What is required: Among the entries below, extract exactly the lines that run from the one with "人类心脏的发育数据:当使用内" through the one with "Christian Rohde, Gast, Philipp", both ends included.

Information supplied:
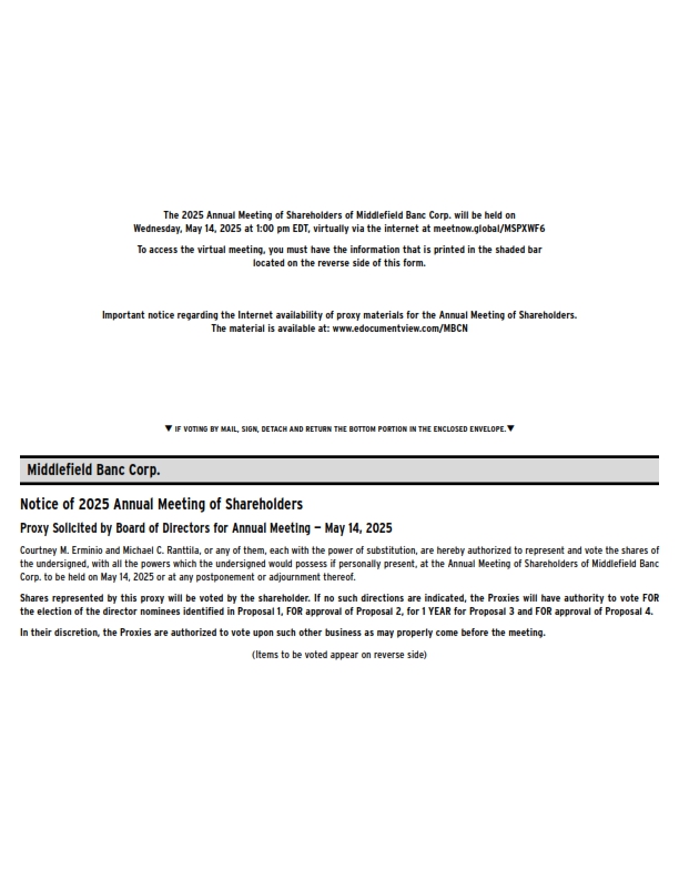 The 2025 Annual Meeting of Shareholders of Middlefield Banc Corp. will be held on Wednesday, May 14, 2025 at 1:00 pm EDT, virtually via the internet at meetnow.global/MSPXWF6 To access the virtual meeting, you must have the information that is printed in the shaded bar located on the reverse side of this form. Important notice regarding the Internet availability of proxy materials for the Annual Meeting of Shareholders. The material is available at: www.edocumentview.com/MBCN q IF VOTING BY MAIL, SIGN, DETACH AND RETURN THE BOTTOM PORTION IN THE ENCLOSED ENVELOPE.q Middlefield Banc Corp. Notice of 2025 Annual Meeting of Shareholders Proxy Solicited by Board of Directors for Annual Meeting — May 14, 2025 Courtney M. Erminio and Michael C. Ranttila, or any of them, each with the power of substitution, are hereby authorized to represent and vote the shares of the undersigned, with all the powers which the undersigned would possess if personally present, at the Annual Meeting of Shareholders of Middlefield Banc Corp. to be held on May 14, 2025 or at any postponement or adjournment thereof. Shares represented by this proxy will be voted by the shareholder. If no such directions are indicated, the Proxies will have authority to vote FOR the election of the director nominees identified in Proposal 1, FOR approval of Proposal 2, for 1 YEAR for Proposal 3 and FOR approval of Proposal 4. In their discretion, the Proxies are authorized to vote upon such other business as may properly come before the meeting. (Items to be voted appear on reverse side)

==

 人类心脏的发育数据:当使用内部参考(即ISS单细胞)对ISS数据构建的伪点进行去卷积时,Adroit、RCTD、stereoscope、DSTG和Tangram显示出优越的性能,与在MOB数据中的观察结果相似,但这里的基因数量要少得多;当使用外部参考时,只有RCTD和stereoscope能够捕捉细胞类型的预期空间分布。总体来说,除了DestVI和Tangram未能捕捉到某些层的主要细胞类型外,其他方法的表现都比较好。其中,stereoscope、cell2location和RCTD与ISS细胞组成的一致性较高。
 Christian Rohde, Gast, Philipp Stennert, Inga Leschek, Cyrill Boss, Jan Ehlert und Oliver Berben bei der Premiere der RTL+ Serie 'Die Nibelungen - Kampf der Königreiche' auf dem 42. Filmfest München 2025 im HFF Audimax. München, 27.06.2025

Result for this exercise:
 人类心脏的发育数据:当使用内部参考(即ISS单细胞)对ISS数据构建的伪点进行去卷积时,Adroit、RCTD、stereoscope、DSTG和Tangram显示出优越的性能,与在MOB数据中的观察结果相似,但这里的基因数量要少得多;当使用外部参考时,只有RCTD和stereoscope能够捕捉细胞类型的预期空间分布。总体来说,除了DestVI和Tangram未能捕捉到某些层的主要细胞类型外,其他方法的表现都比较好。其中,stereoscope、cell2location和RCTD与ISS细胞组成的一致性较高。
 Christian Rohde, Gast, Philipp Stennert, Inga Leschek, Cyrill Boss, Jan Ehlert und Oliver Berben bei der Premiere der RTL+ Serie 'Die Nibelungen - Kampf der Königreiche' auf dem 42. Filmfest München 2025 im HFF Audimax. München, 27.06.2025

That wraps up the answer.